Mostly we do grain hauls to various terminals.
The other day I made a mistake. I sent one of our trucks to a farm a couple of kilometres out of the way. The mistake was corrected easily, at no cost to either the driver or to our company, but my manager still finds it necessary to write me up and to put a note on my personnel file in his office.
This is really bugging me. I try so hard to please him, to keep the drivers on side and to cater to our customers. Sometimes all of this is hard.

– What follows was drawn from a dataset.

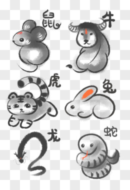 一组可爱水墨风十二生肖元素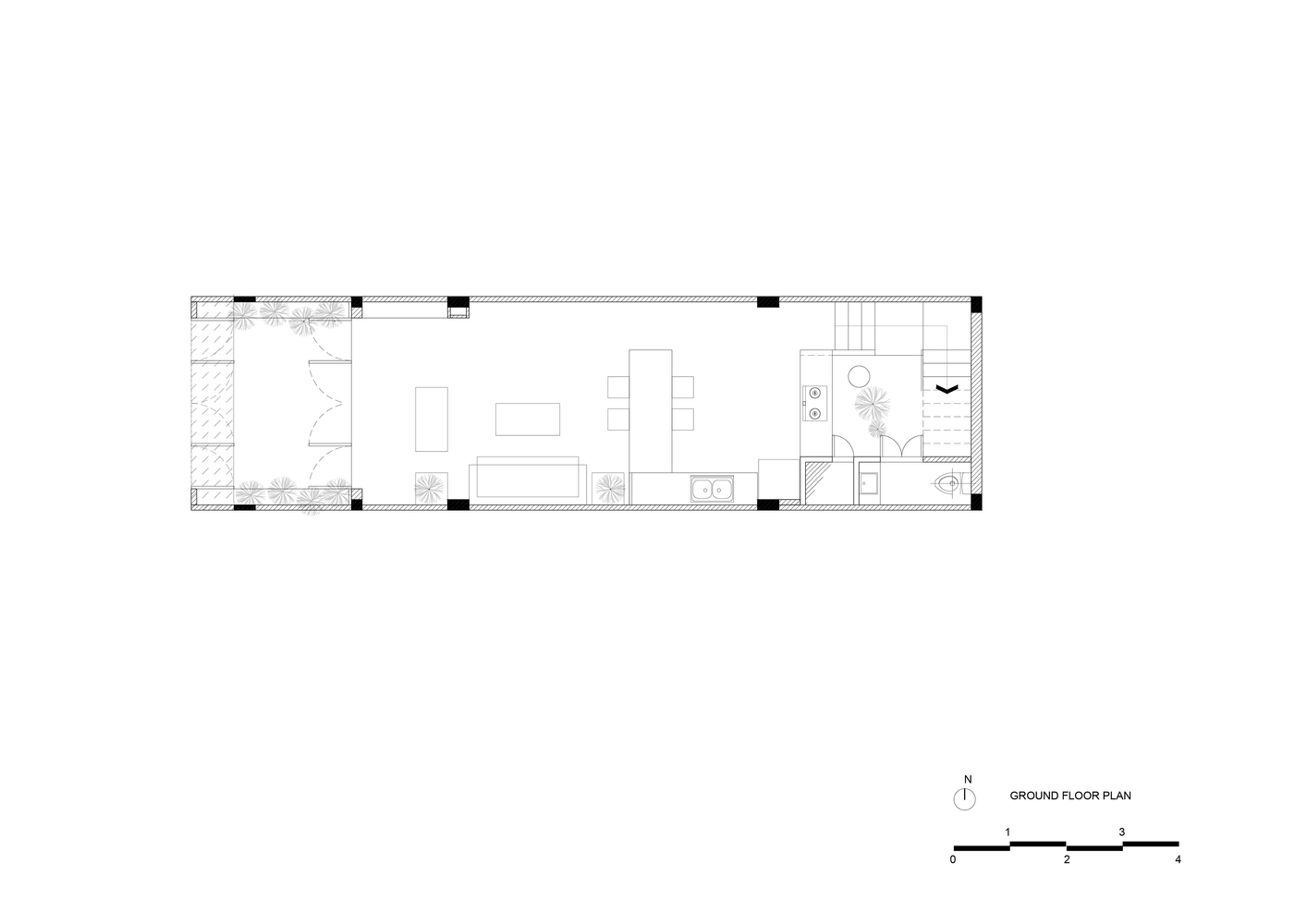 Những khu vườn nhỏ được sử dụng tương tự để ngăn cách nội thất và ngoại thất; nhà vệ sinh và phòng ngủ hoặc nhà bếp; các phòng ngủ và cầu thang. Giải pháp này tạo ra sự chuyển đổi không gian suôn sẻ trong khi đảm bảo tất cả các không gian chức năng đều tiếp xúc với thiên nhiên.

The problem is that if I lose this job I have nothing. This is not the friendliest town in the world, it is very quiet, and most of the neighbours turn the other way when I am walking down the street. You would think after four years at least one or two of them might say hi to me.
I spend most of my time off in the city, visiting my parents and going to movies with my younger sister. I don’t go to church here. Walking into a strange sanctuary is not my idea of a good time. I don’t go out to the local yoga class. I am not fat but neither do I have the kind of body that most yoga enthusiasts would admire.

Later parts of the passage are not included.